Oregon Court of Appeals
Aug 20, 1986
724 P.2d 338 (Or. Ct. App. 1986)

Opinion

85-AB-1150; CA A37224

Argued and submitted March 26, 1986.

Reversed and remanded for reconsideration August 20, 1986.

Judicial Review from Employment Appeals Board.

Kathryn S. Augustson, Portland, argued the cause for petitioner. With her on the brief was Reynolds Johnston, Portland.

Thomas W. Sondag, Portland, argued the cause for respondent Viking Industries. With him on the brief were Richard C. Hunt, Portland, and Spears, Lubersky, Campbell, Bledsoe, Anderson Young, Portland.

No appearance for respondent Employment Division.

Before Buttler, Presiding Judge, and Warren and Van Hoomissen, Judges.


VAN HOOMISSEN, J.

Reversed and remanded for reconsideration.


Claimant seeks review of an Employment Appeals Board (EAB) decision denying him unemployment compensation on the ground that he voluntarily left work without good cause. ORS 657.176(2)(c). EAB concluded that he had not met his burden of showing that he had "no reasonable alternative but to leave work." OAR 471-30-038(4).

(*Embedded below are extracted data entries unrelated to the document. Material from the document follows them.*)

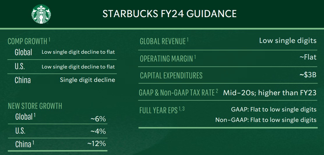 스타벅스 주가에 악영향을 끼치는건 요즘 하늘을 날라다니고 있는 AI주들과 기술주들임. 스타벅스는 대표적인 가치주인데 데 성장주인 기술주들에게 미국 증시 돈이 죄다 몰리면서 상대적으로 가치주들의 주가가 떨어지고 있음. 시장에 돈은 한정되어 있으니 한 쪽으로 돈이 몰리면 한쪽에는 빠져나가는거지.
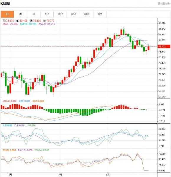 美原油市场昨日收盘走低,今日日线有看多技术需求,MACD死叉,不过KDJ接近超卖区域,并有金叉趋势,油价已连续两天在7月13日77.31的高点上方获得支撑,短线趋势变数加较大,未来市场重拾涨势的可能性增加。上方留意10日均线80.15附近阻力,如果能收复这个位置,则增加短线看涨信号。
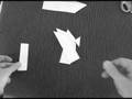 長方形の白い紙。上の辺と左の辺が重なるように折り、三角形を作るように左の角を右へ。家のような形になったら真ん中で半分に折ります。この状態で2箇所にハサミをいれます。バラバラになった紙片を組み合わせていくと、「天国と地獄」が現れます。

We reverse and remand for reconsideration.

ORS 657.176(2) provides, in part:

"An individual shall be disqualified from the receipt of benefits * * * if the authorized representative designated by the assistant director finds that the individual:

"* * * * *
"(c) Voluntarily left work without good cause."

OAR 471-30-038(4) provides:

"Good cause for voluntarily leaving work under ORS 657.176(2)(c) is such that a reasonable and prudent person of normal sensitivity, exercising ordinary common sense, would leave work. The reason must be of such gravity that the individual has no reasonable alternative but to leave work."

Our scope of review in unemployment compensation cases is provided in ORS 183.482(8)(c), which states in part:

"The court shall set aside or remand the order if it finds that the order is not supported by substantial evidence in the record."

Substantial evidence is "such proof as a reasonable mind would employ to support a conclusion." Henzel et al v. Cameron et al, 228 Or. 452, 464, 365 P.2d 498 (1961).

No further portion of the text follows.